China is also pulling ahead in the roll-out of supercomputers, with almost twice as many super computers as the US, demonstrating its growing threat to the US’ AI supremacy.

The UK has slipped in some key metrics, and its lead over its closest competitors has narrowed. Although a new AI strategy has now been announced, it’s not been published yet. We have also seen British slippage across several different key parts of the framework; universities, supercomputing, research, patents and diversity of specialists.

Q2. What has been added to the Global AI Index of this year?

Alexandra Mousavizadeh: We’ve added Armenia, Bahrain, Chile, Colombia, Greece, Slovakia, Slovenia and Vietnam: each of these countries has recently published a strategic approach to artificial intelligence on a national level, and therefore ‘qualified’ for assessment under The Global AI Index framework. That brings the number of countries assessed to 62 overall, up from 54 last year.

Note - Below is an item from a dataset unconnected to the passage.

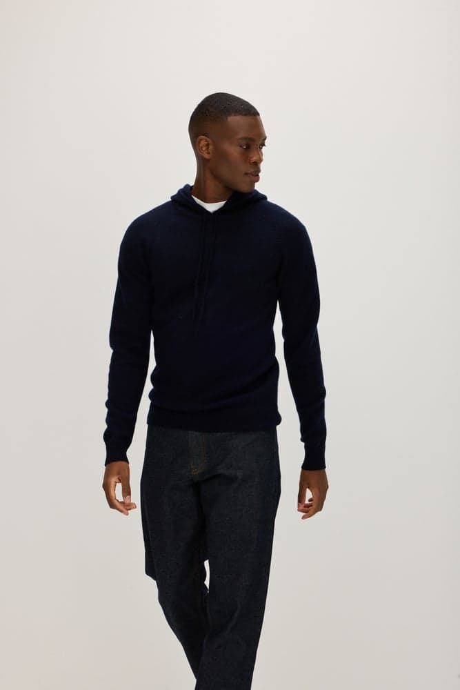 A chunkier knitted hoodie with a drawstring but without a front pocket. This offers a more dressed and clean look, yet a warm and comfortable garment.

We’ve also developed all-new national AI dashboards: policy makers can monitor their national AI activity across all 143 indicators in real-time. These dashboards, the first of their kind, can also simulate the impact of policies via the target-setting feature, which calculates hypothetical ranks and scores based on chosen policy targets.

Q3. What new metrics did you introduce and why?

Alexandra Mousavizadeh: We’ve added a range of new metrics to deepen our measurements across many of the pillars of the index. In Talent, we have incorporated data provided by Coursera, showing the level of enrollment and activity on online learning courses specific to ‘artificial intelligence’ and ‘machine learning’. This data-set fills in gaps in countries like India, China and Russia – where our other metrics were not as comprehensive – by acting as a proxy for the level of online learning taking place.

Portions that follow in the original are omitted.